→ DIRECTIONS:
The material below should be copied line for line, please, with pictures omitted.

→ STORED DATA:
────────────────────
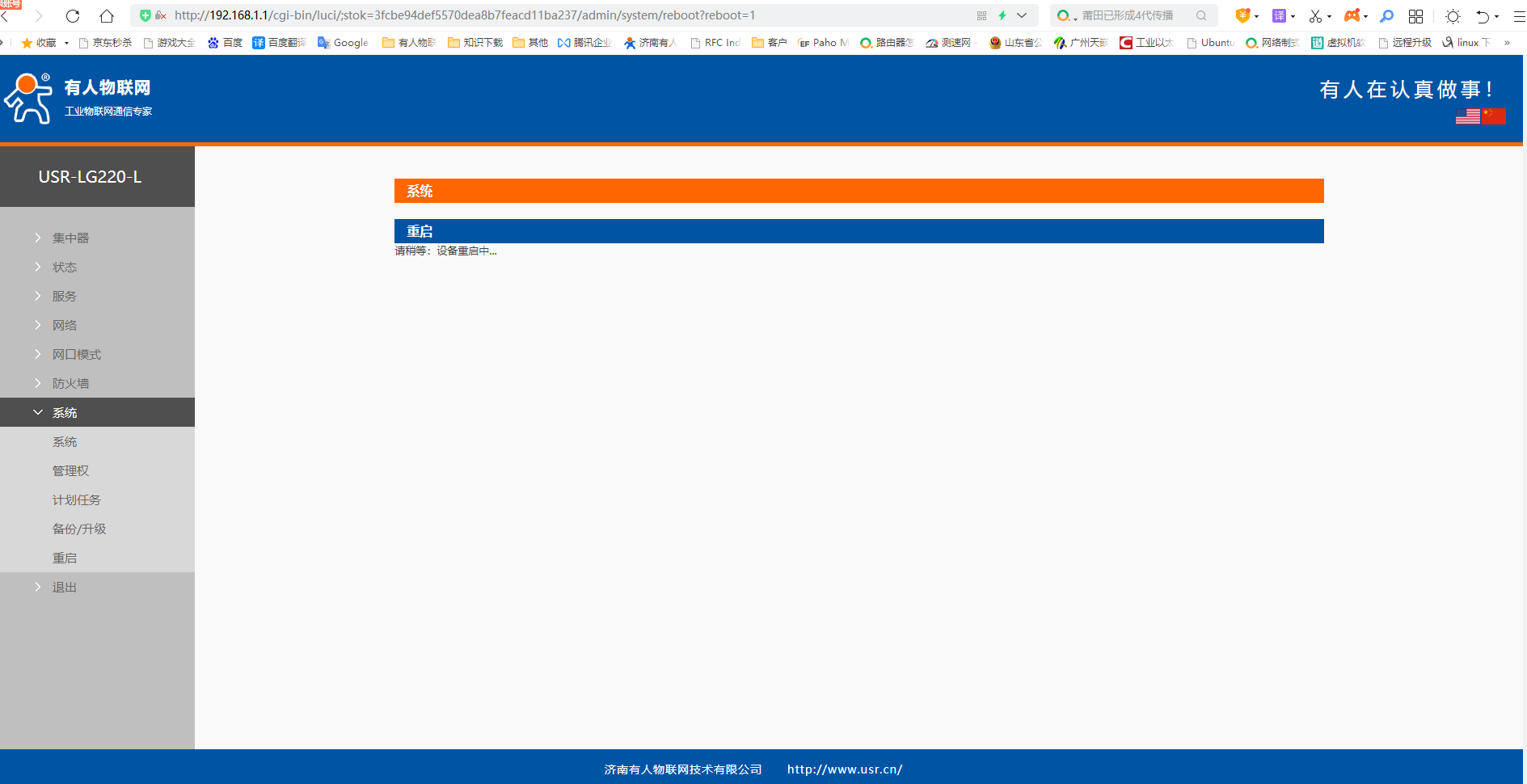 4、USR-LG220-L网页系统,点击重启,执行重启。等待一段时间,等待USR-LG220-L重启完毕。
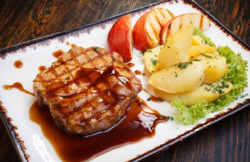 - медальоны из свинины в апельсиновом соусе + картофель по-деревенски
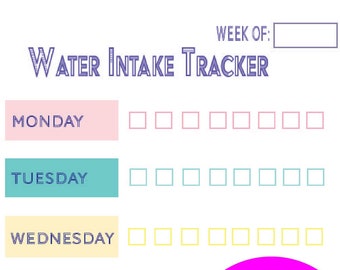 Weekly Water Intake Tracker Printable PDF 5 Colors Available
────────────────────
→ EXERCISE RESULT:
 4、USR-LG220-L网页系统,点击重启,执行重启。等待一段时间,等待USR-LG220-L重启完毕。
 - медальоны из свинины в апельсиновом соусе + картофель по-деревенски
 Weekly Water Intake Tracker Printable PDF 5 Colors Available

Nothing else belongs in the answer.